◆ Supplied information:

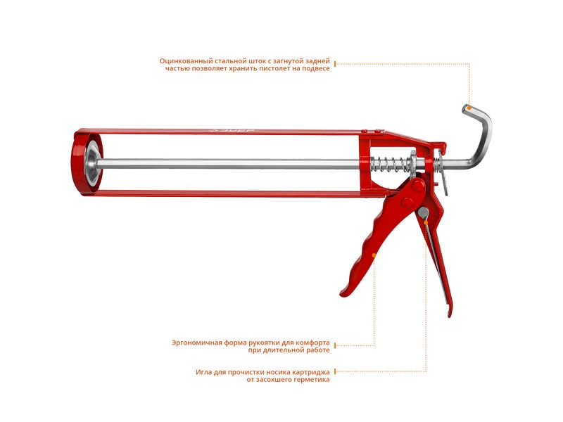 Пистолет для герметиков подходит для работы с картриджами объемом 310 мл, имеет скелетную конструкцию,Оснащен шестигранным штоком и ручкой из алюминиевого сплава, которые способствуют равномерной подачи клея либо герметика. Данная спецификация обеспечивает прочность и надежность конструкции пистолета при использовании. Оснащен иглой для удаления застывшего герметика/клея.
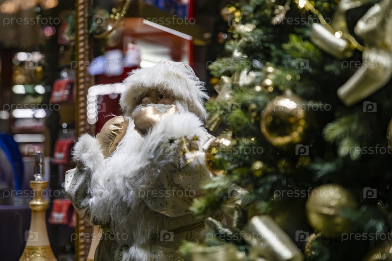 Дед Мороз у украшенной новогодней елки
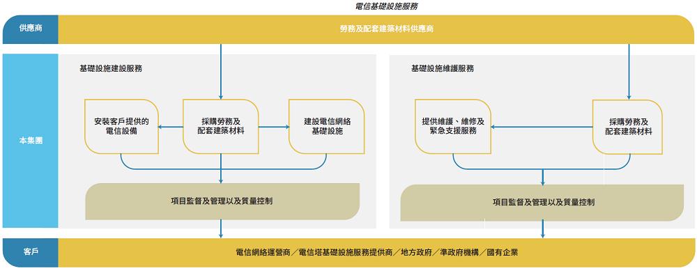 电信基础设施服务业务的具体体内容包括电信基础设施的建设和维护。招股书显示,电信基础设施建设服务主要涉及整个电信网络的网络基础设施建设、改造及安装,比如基站及配套工程服务、市电引入服务、传输网管线服务、宽带接入网服务及无线网设备安装服务。
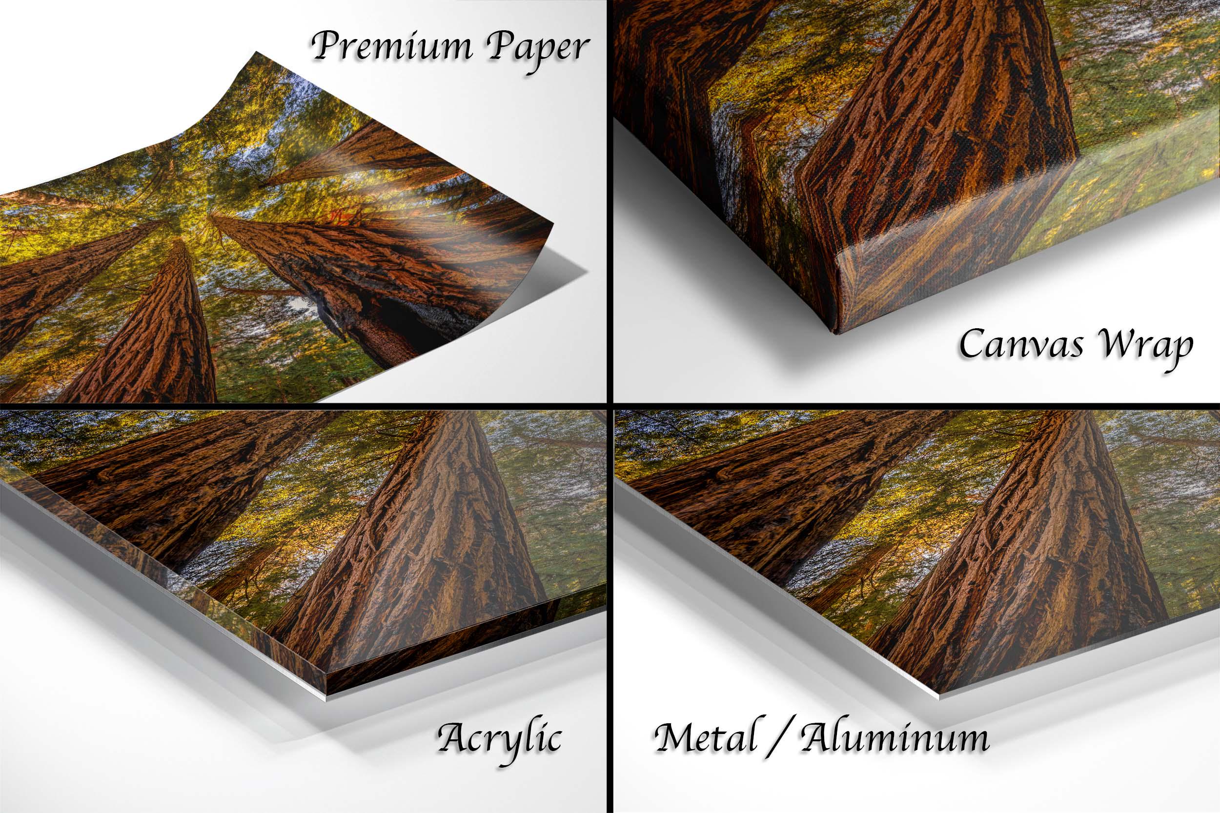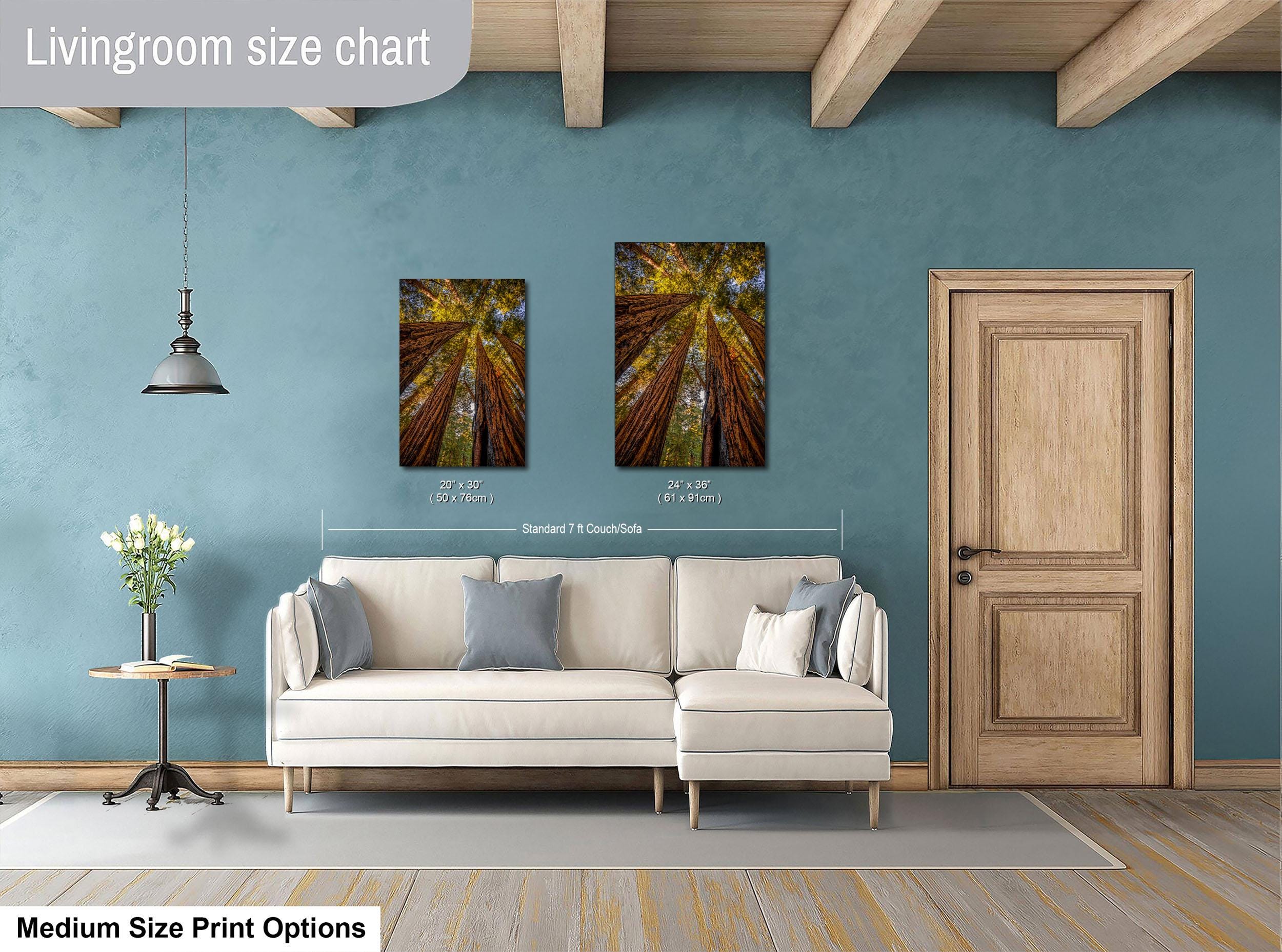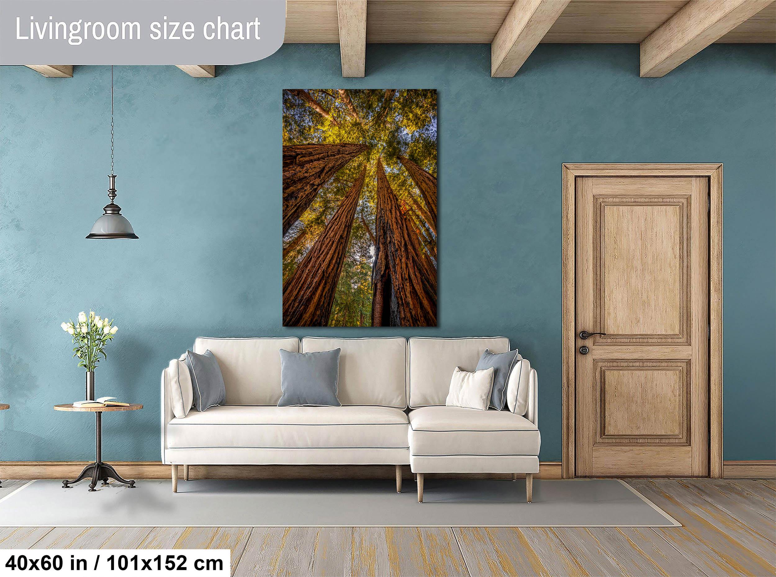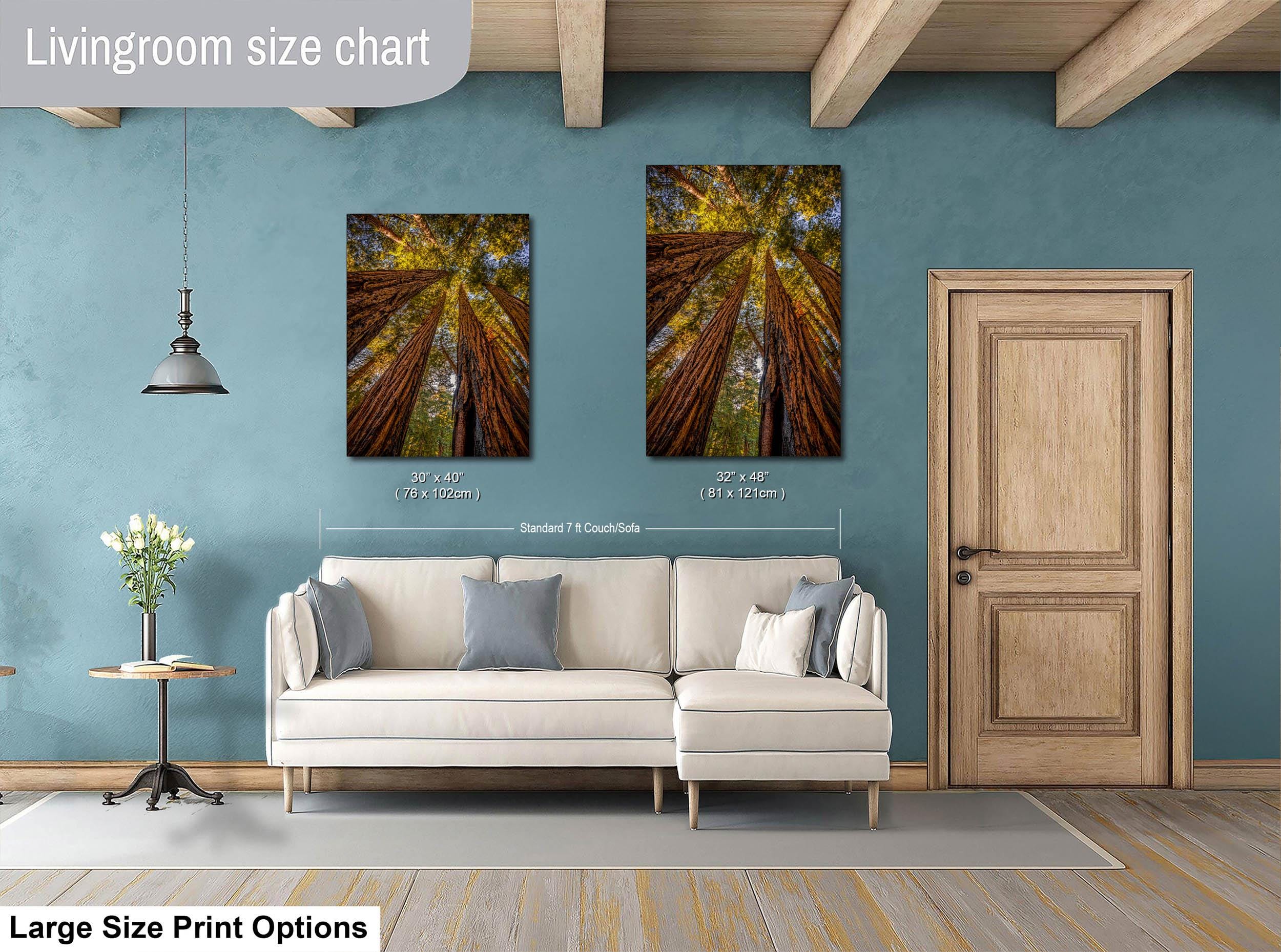 Step into a world where ancient redwood trees tower like silent guardians of time. Our San Francisco landscape print showcases the grandeur of these giants, bathed in soft sunlight filtering through dense foliage. This redwood poster is perfect for nature lovers and those seeking California decor that evokes tranquility and awe.

◆ What to do:
Reproduce the material word for word. Any pictures should be left out of the copy.

◆ Your solution:
 Пистолет для герметиков подходит для работы с картриджами объемом 310 мл, имеет скелетную конструкцию,Оснащен шестигранным штоком и ручкой из алюминиевого сплава, которые способствуют равномерной подачи клея либо герметика. Данная спецификация обеспечивает прочность и надежность конструкции пистолета при использовании. Оснащен иглой для удаления застывшего герметика/клея.
 Дед Мороз у украшенной новогодней елки
 电信基础设施服务业务的具体体内容包括电信基础设施的建设和维护。招股书显示,电信基础设施建设服务主要涉及整个电信网络的网络基础设施建设、改造及安装,比如基站及配套工程服务、市电引入服务、传输网管线服务、宽带接入网服务及无线网设备安装服务。
 Step into a world where ancient redwood trees tower like silent guardians of time. Our San Francisco landscape print showcases the grandeur of these giants, bathed in soft sunlight filtering through dense foliage. This redwood poster is perfect for nature lovers and those seeking California decor that evokes tranquility and awe.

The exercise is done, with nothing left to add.